◆ **Exercise objective**
Starting at the line holding "本課程以編程無人機為核心,結" and finishing at the line holding "This table shows", transcribe the material exactly, keeping both ends but no pictures.

◆ **Raw data**
* * * * *
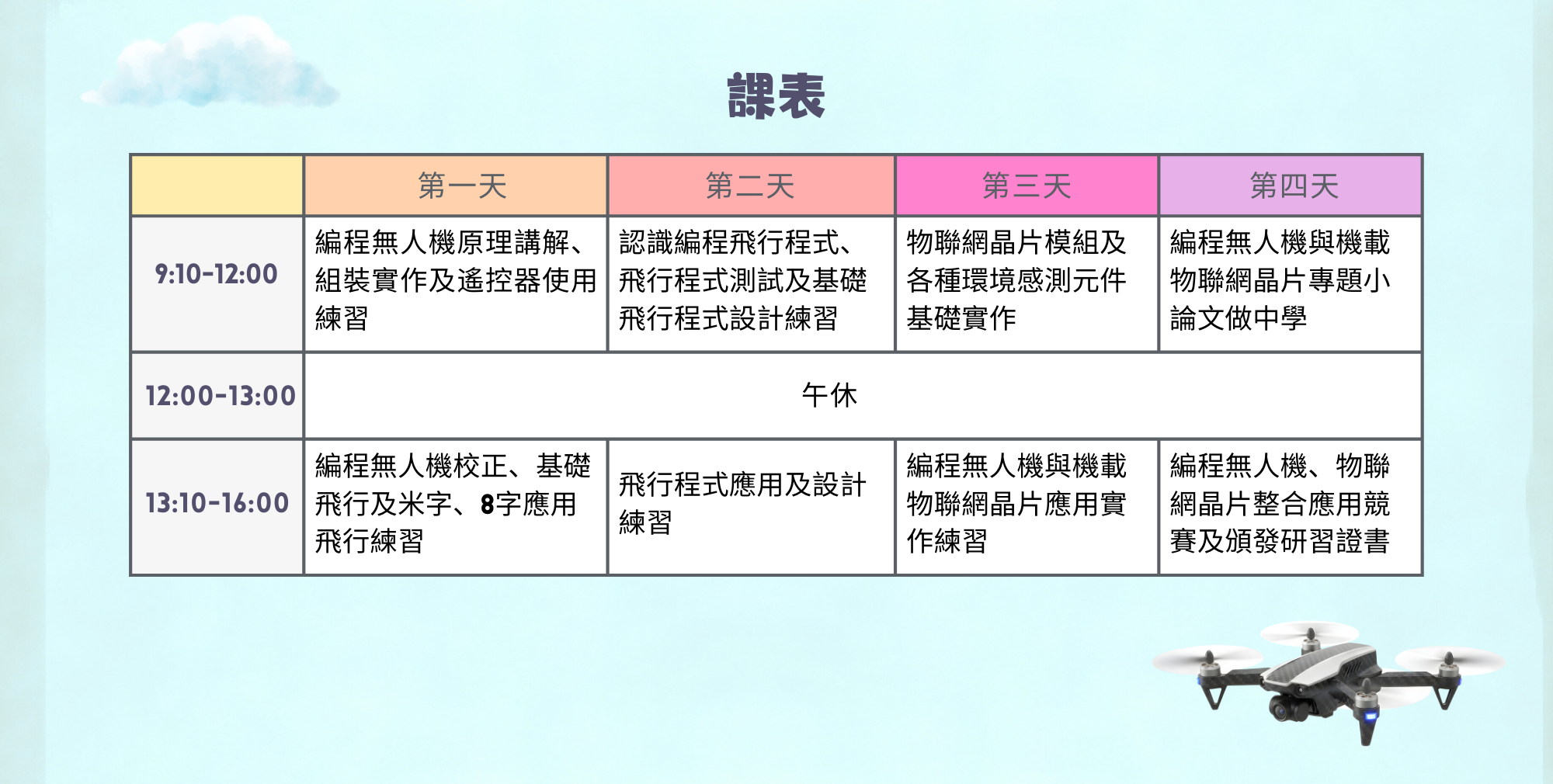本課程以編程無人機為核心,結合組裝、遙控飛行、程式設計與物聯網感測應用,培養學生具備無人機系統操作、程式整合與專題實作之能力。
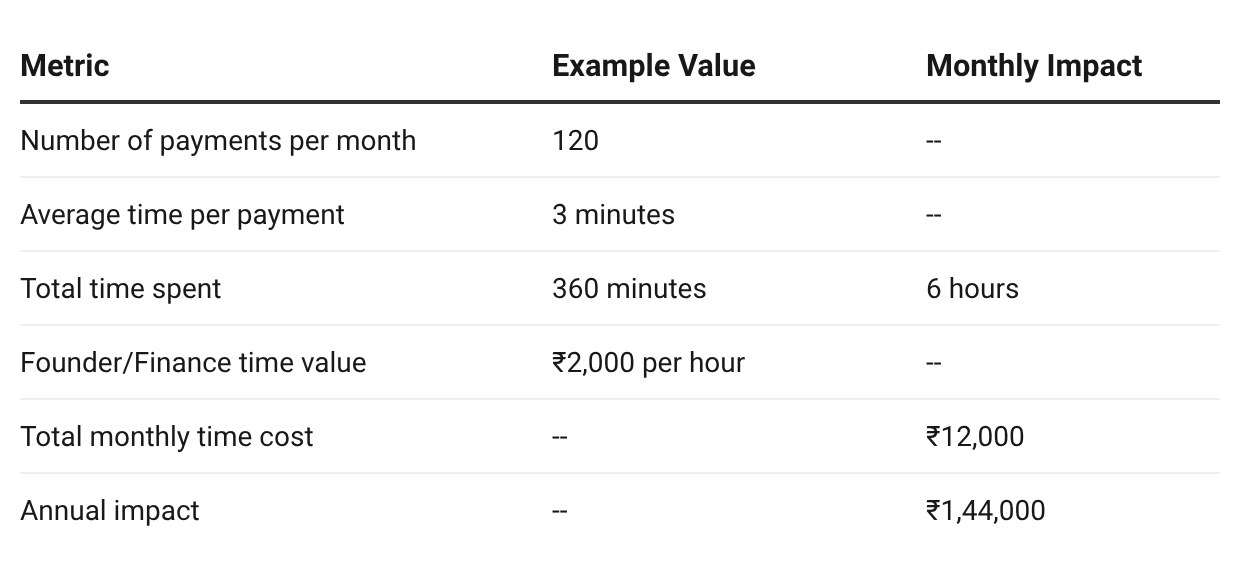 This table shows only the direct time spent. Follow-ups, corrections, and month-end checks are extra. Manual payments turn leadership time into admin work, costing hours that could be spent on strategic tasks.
* * * * *
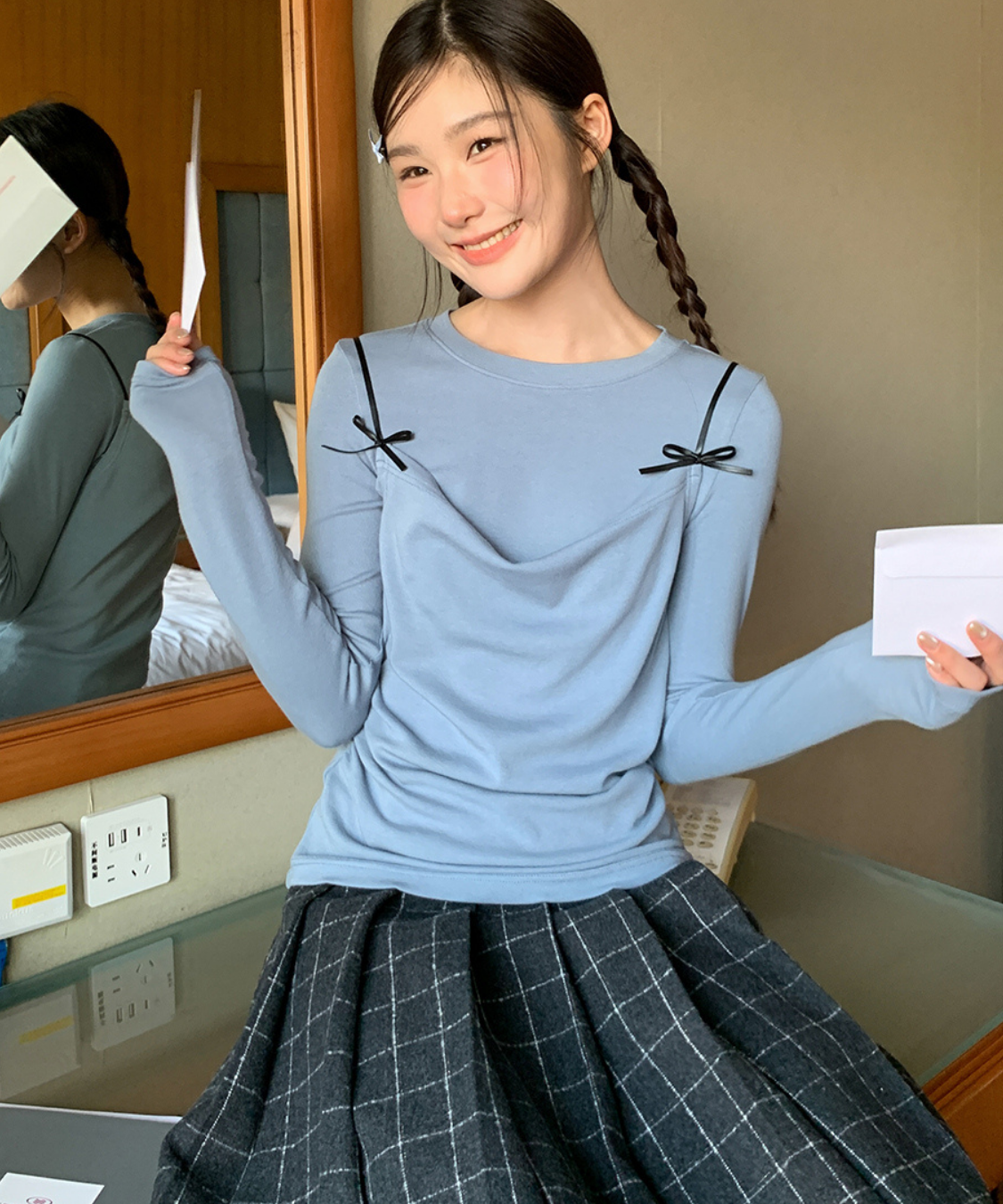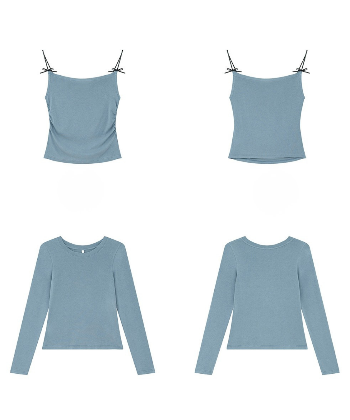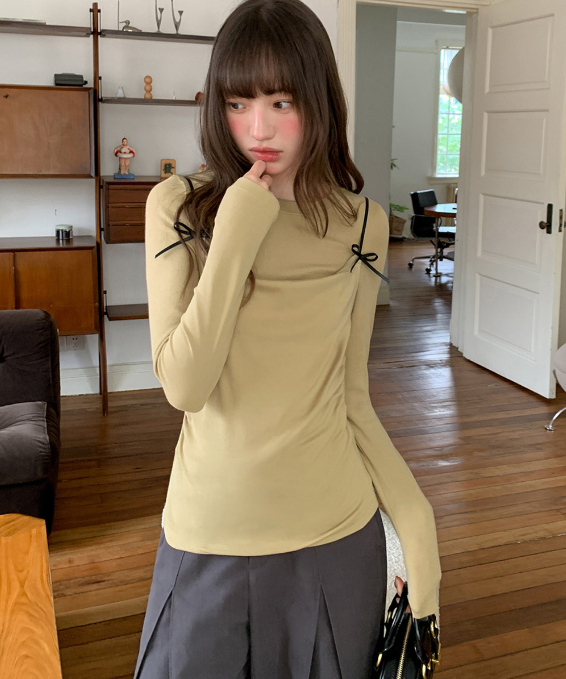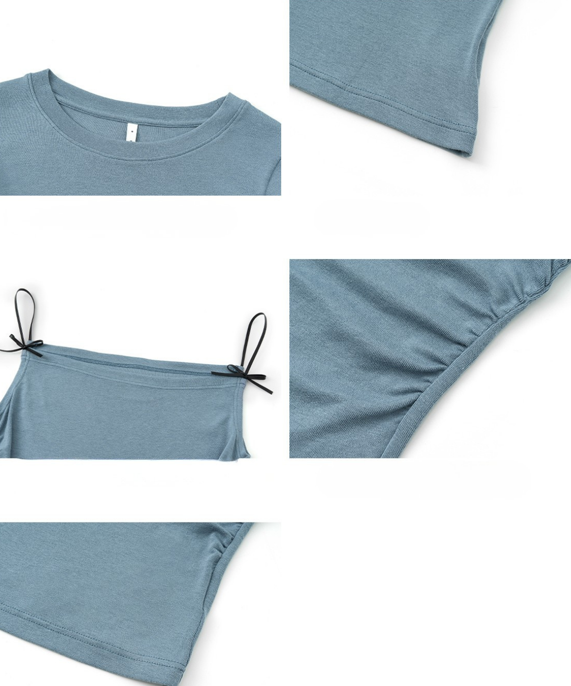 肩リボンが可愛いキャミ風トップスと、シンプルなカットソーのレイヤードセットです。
* * * * *
◆ **Response box**
本課程以編程無人機為核心,結合組裝、遙控飛行、程式設計與物聯網感測應用,培養學生具備無人機系統操作、程式整合與專題實作之能力。
 This table shows only the direct time spent. Follow-ups, corrections, and month-end checks are extra. Manual payments turn leadership time into admin work, costing hours that could be spent on strategic tasks.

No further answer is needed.